It is necessary at times to censor certain characters in a string. In this case, censoring simply means replacing a set of characters with a different set of meaningless characters but of the same length. For example, I might wish to censor the substring “low” in the phrase, “Flowers for a friend.” which would result in “F***ers for a friend.”
Given a goal of preserving length, this could be accomplished when working with fixed search strings using mgsub.
library(mgsub)
string = "Time to flip this family into a fun pit of pudding!"
pattern = c("flip", "family", "fun")
replacement = vapply(pattern, function(x) {
paste(rep("*", nchar(x)), collapse = "")
}, FUN.VALUE = "")
mgsub(string, pattern, replacement)
## [1] "Time to **** this ****** into a *** pit of pudding!"
However, this can breakdown when using variable length regular expression matching. The number of censor characters in the replacement is based on the length of the regular expression, not the match itself. So this fails to maintain character length.
string = "Time to flip this family into a fun pit of pudding!"
pattern = c("f[^ ]*i[^ ]*", "fun")
replacement = vapply(pattern, function(x) {
paste(rep("*", nchar(x)), collapse = "")
}, FUN.VALUE = "")
mgsub(string, pattern, replacement)
## [1] "Time to ************ this ************ into a *** pit of pudding!"

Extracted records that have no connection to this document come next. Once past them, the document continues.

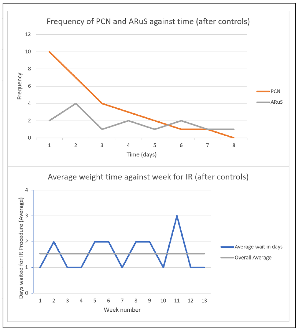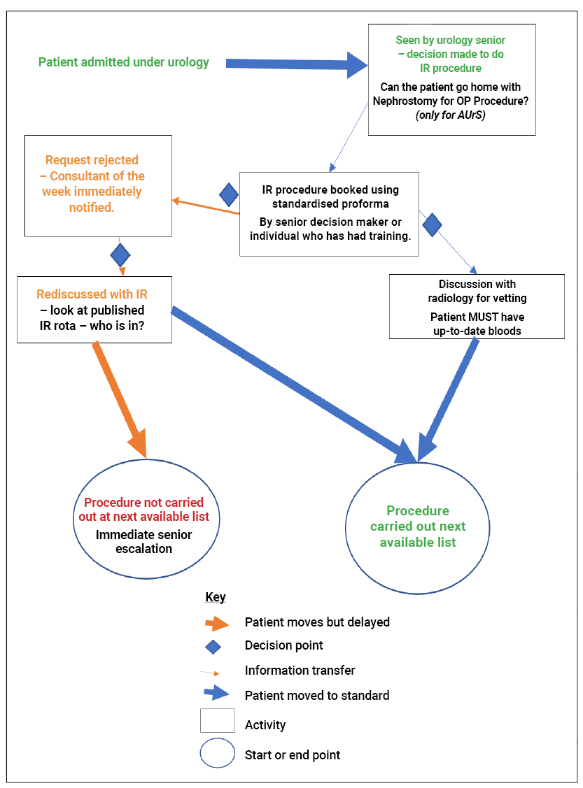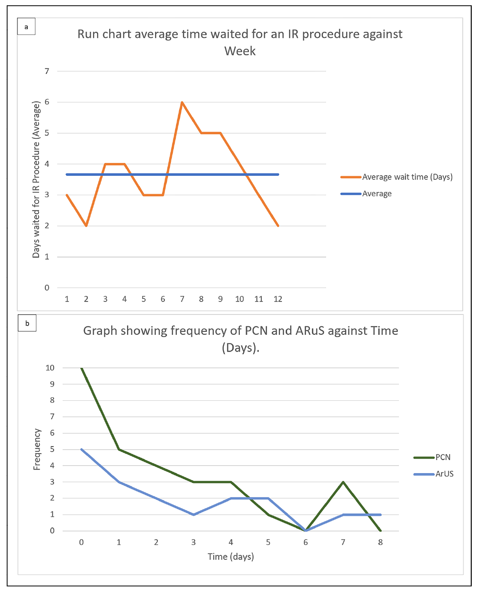 Prior to the intervention, the average wait for IR was 3.66 days. Higher than our set agreed standard of 3.5 days (Figure 3a and b). A systematic analysis of the current state of the system followed data gathering. Thematic analysis outlined lack of standardisation. We noted bottlenecks through mapping which resulted predominately from lack of communication (Figure 1).
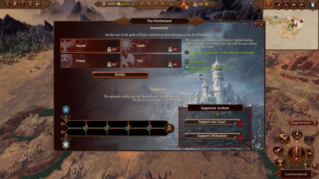 Boris also retains the same faction mechanics that the other Kislevite lords have (i.e., Ice Court, Atamans, Motherland, and Devotion), but there’s a key difference. Katarin and Katarin use Devotion and the Motherland to gain supporters. Boris still amasses supporters. However, this feature lets him add his supporters to either Katarin’s or Kostaltyn’s faction. Essentially, it’s a faster means to get one to confederate the other, which might be helpful if you’re playing a co-op campaign.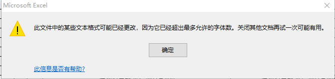 Excel报错:此文件中某些文本格式可能已经更改,因为它已经超出最多允许的字体数。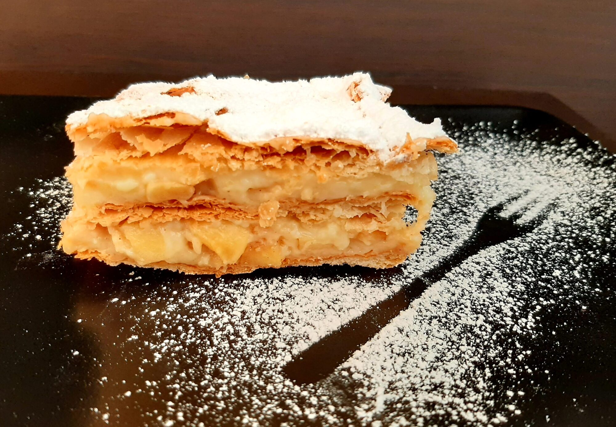 - passate alla preparazione del dolce. Partite dalla base con la sfoglia, proseguite con un bello strato di crema pasticcera con le mele, un secondo foglio di sfoglia, nuovamente crema e mele, infine un ultimo foglio di sfolia. Date il tocco finale con una bella spolverata di zucchero a velo;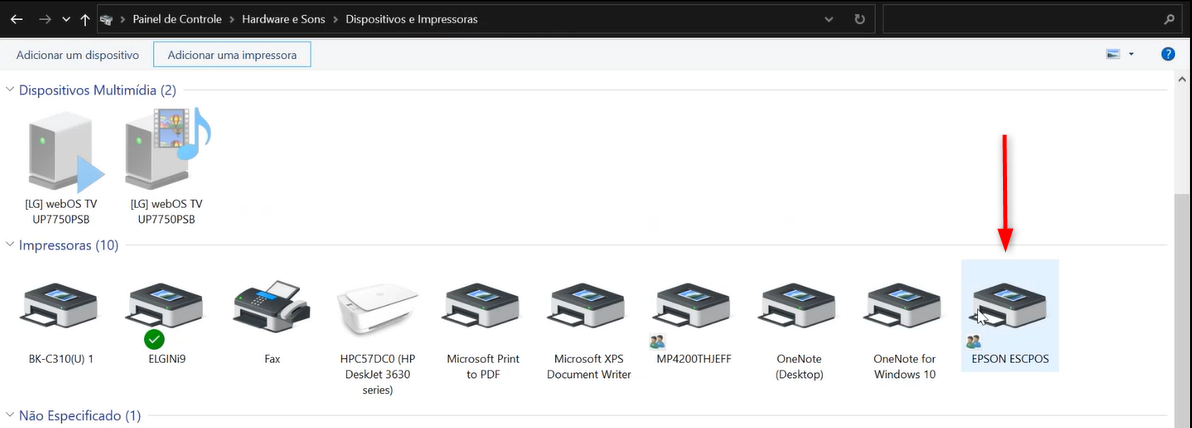 Abaixo será apresentada a configuração da impressora Epson TM-T88V, para que seja possível trabalhar com impressão sem alocar a porta.

Even if you have fixed matches, it shouldn’t be necessary to produce and maintain an equivalent vector of censor replacment.
This is where the idea of mgsub_censor
comes in.
mgsub_censor
provides the same safe, simultaneous string
substitution functionality of mgsub
but with a more narrow
task of censoring strings. You provide patterns to match as well as your
desired censoring character and the censoring is applied
simultaneously.
string = "Time to flip this family into a fun pit of pudding!"
pattern = c("f[^ ]*i[^ ]*", "fun")
mgsub::mgsub_censor(string = string, pattern = pattern, censor = "*")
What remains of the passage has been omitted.